Hacker Newsnew | past | comments | ask | show | jobs | submitlogin

So, for context, my experience is limited to trying to get a MariaDB Galera cluster running. Specifically using the Bitnami image. So my issues might not apply to every single stateful app out there. I'm also running all of this on a vsphere in our own data center. Not in the cloud.

Swarm does not support dependencies between services. See [0]. It also does not support deploying replicas one at a time. See [1] where I'm asking for that support.

In the case of Galera, you need a master node to be up and running before you add any new nodes. I'm pretty sure that when you're initiating any kind of stateful clustered app, you'd want to start with one node at a time to be safe. You can't do that in Swarm using a replicated service.

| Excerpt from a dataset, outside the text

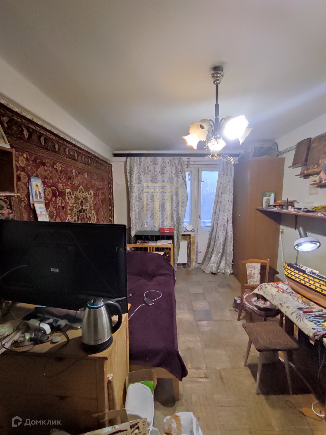 В комнате паркет, есть балкон, окна выходят во двор.
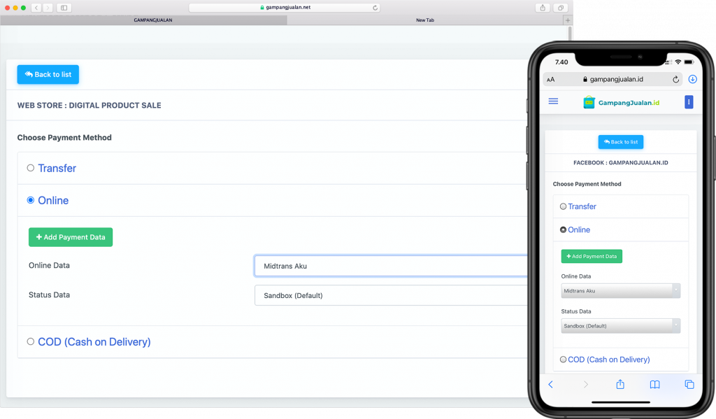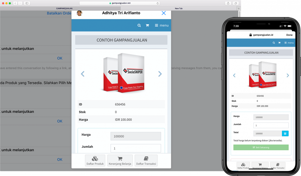 Gampangjualan juga menyediakan halaman checkout order yang langsung terintegrasi dengan toko online anda

All replicas start at the same time.

Using a service per instance might work, but you need to be sure you have storage figured out so that when you update your stack to add a new service to the stack, the initial service will get the data it was initiated with. (Since when you restart a stack to add the new service, the old service will also get restarted. If I'm remembering what I found correctly.)

Then there's updating services/replicas. You cannot have Swarm kill a service/replica until after the replacement is actually up and running. Which means you'll need to create a new volume every time you need to upgrade, otherwise you'll end up with two instances of your app using the same data.

To complicate things, as far as I can tell, Swarm doesn't yet support CSI plugins. So you're pretty much stuck with local or nfs storage. If you're using local storage when deploying new replicas/services, you better hope the first replica/service starts up on same node it was on before...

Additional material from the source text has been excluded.